Well, you communicate really well on here, so at least you have it in you. It’s “just” a case of bringing it to the surface.
Yes, it’s a different kind of skill communicating in writing to in-person, but thank you 🙏
But it’s not like there is a vacuum there to begin with, that’s all I mean.
True, and I’m not that bad but once I get to know people, I just have trouble being confident with people I don’t know!
When I started my voluntary work they asked me to phone perfect strangers, I was like, how can I do that?, since I’m naturally quite an introvert, Very different to my home territory of IT! But I do okay, and many of those strangers are now almost friends. I bet people think you do okay, too. Whatever you feel, pretend like you know what you’re doing – that’s how I get through 🙂
I am thinking of doing some voluntary work actually: should be a great way to get ‘back out there!’
The stuff I do is just telephoning people. It was just a case of going into their office and picking up the phone. Even easier since our various lockdowns as I do it from the sofa!
Oh I’m terrified of the telephone 😱 so maybe that’s something I could work on!
Yeah, it isn’t something I would have chosen but it has worked out okay. You never know…
Really interesting dialogue. I’ve often thought that most writers are a bit introvert in nature, which is why we really appreciate the power of the written word. Yet I know extroverts who would shrink from the possibility of writing something for others to read. I guess we all have our different strengths and should make the most of them, without worrying too much about what others think.

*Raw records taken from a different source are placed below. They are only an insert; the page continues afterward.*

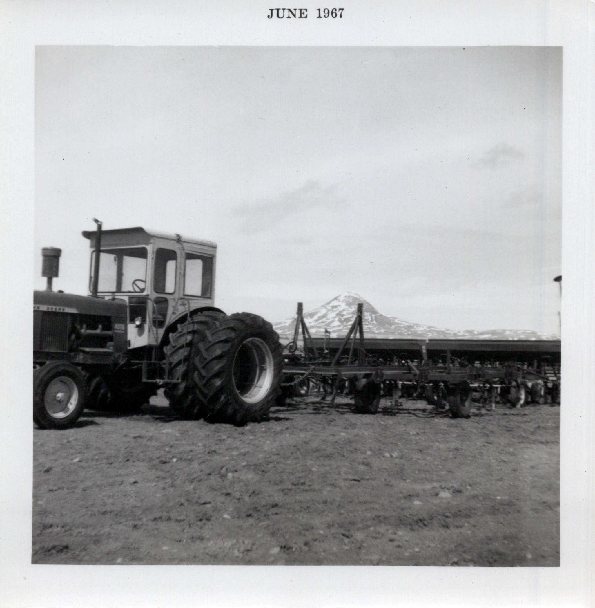 Ralph Olson driving the John Deere tractor. Frank Heydon pumping diesel fuel into the tractor with his cowboy hat on. Red tractor and John Deere summer following. Frank Heydon driving the red tractor and Grandpa Ralph Olson driving the John Deere. End of movie with Merry standing by a full rushing stream.
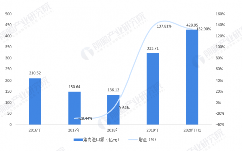 根据前瞻产业研究院分析,2019年在非洲猪瘟大背景下,我国猪肉供应不足以满足国内需求,需大量进口国外猪肉来弥补内需空缺。据海关数据,2020年上半年我国猪肉进口额总计428.95万元,增幅为132.9%。我国自2020年1月1日起,将冻结猪肉进口关税由12%暂时下调至8%,有利于增加猪肉进口量,有效缓解国内供应紧缺问题。
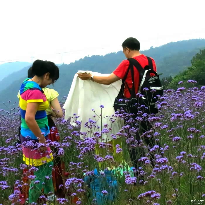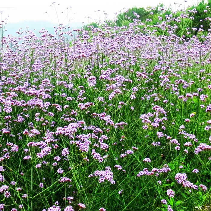 一大片一大片紫色的薰衣草铺盖在斜坡上,如波浪般起伏不休。除了一片紫色大地,还有占据整个山丘的满天星,一大片盛开的波斯菊、还有一些不知名的,构成一张深浅交错的彩色花毯。
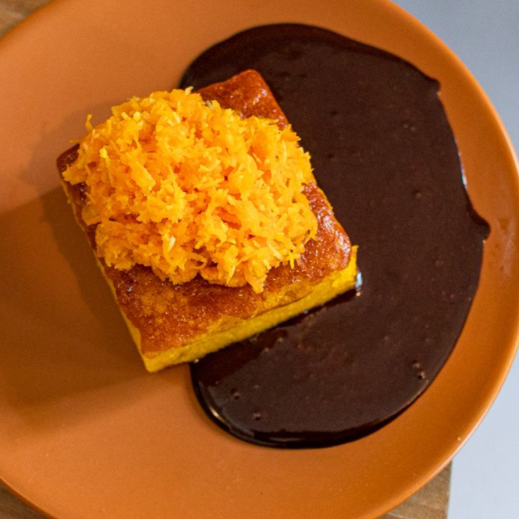 Bolo de cenoura, cocada de cenoura e calda de chocolate meio amargo

Exactly right! I don’t worry too much anymore but I still need to be able to function in society on some level 😂
Quite right. It’s just a matter of getting things into perspective.🙂
Good luck with the school return, hope it’s ok.
So do I 😅 thanks so much: I hope homeschooling is going ok for you too.

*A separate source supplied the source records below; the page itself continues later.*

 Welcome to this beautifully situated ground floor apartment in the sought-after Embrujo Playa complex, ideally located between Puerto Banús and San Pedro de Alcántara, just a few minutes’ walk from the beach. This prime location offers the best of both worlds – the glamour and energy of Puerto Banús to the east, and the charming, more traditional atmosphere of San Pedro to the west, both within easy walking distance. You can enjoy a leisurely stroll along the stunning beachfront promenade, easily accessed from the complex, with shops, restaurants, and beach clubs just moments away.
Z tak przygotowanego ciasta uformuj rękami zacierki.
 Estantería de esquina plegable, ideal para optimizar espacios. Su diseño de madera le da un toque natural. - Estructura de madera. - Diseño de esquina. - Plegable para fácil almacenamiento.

It’s been easier the last couple of weeks, I’ve started just rolling with it and prioritising work a bit lower down the list
Honest post, I think we can get too comfortable with social isolation. Most writers are introverted I have found as well. I think I am somewhat better with age on social anxiety, because I generally just don’t care as much what people think of me. I probably gravitate to quieter people myself though. Interesting read! 💕
Thank you Tricia, I’m pleased you found it interesting!
I agree, writing is a very different kind of communication. I too feel uncomfortable in social situations, and have no verbal skills when actually confronted with another human. Even people I know often have no idea what I’m talking about, so I’ve learned to stay quiet. I do think it will feel strange shedding our isolation. I have no idea how to go about it. I will also say that having young children was always a safe way to connect with other adults for me, so that may help you. Most of the friends I have now were made during that time–even though our children are long grown, we have remained friends. (K)
My difficulty is that we have moved around so much I even find it hard to reach out to other mums my own age. I’ve seen so many different cultures and languages, they all seem to fit whereas I feel I don’t belong. But this is probably more of me having a problem with myself than anyone else having a problem with me.
It is hard to keep continuity when you move a lot. Even a different neighborhood can make a difference.
Great thoughts of your inner world Ingrid!!!
It’s an interesting time for sure right now and it is wild how we’ve adjusted to wearing masks so well. I have loved the permission to not be out there in the same way and not having the social obligations we had at once. People think I’m an extrovert but I’m an ambivert that very much loves my alone time. There will be an entry phase for sure and it sounds like you had a taste of it. Maybe you’ve changed for the better and like your alone time so be careful not to judge yourself harshly. ❤️
That is a very good point, thank you Cindy: I always judge myself harshly and I am trying to ‘let go’ of that too!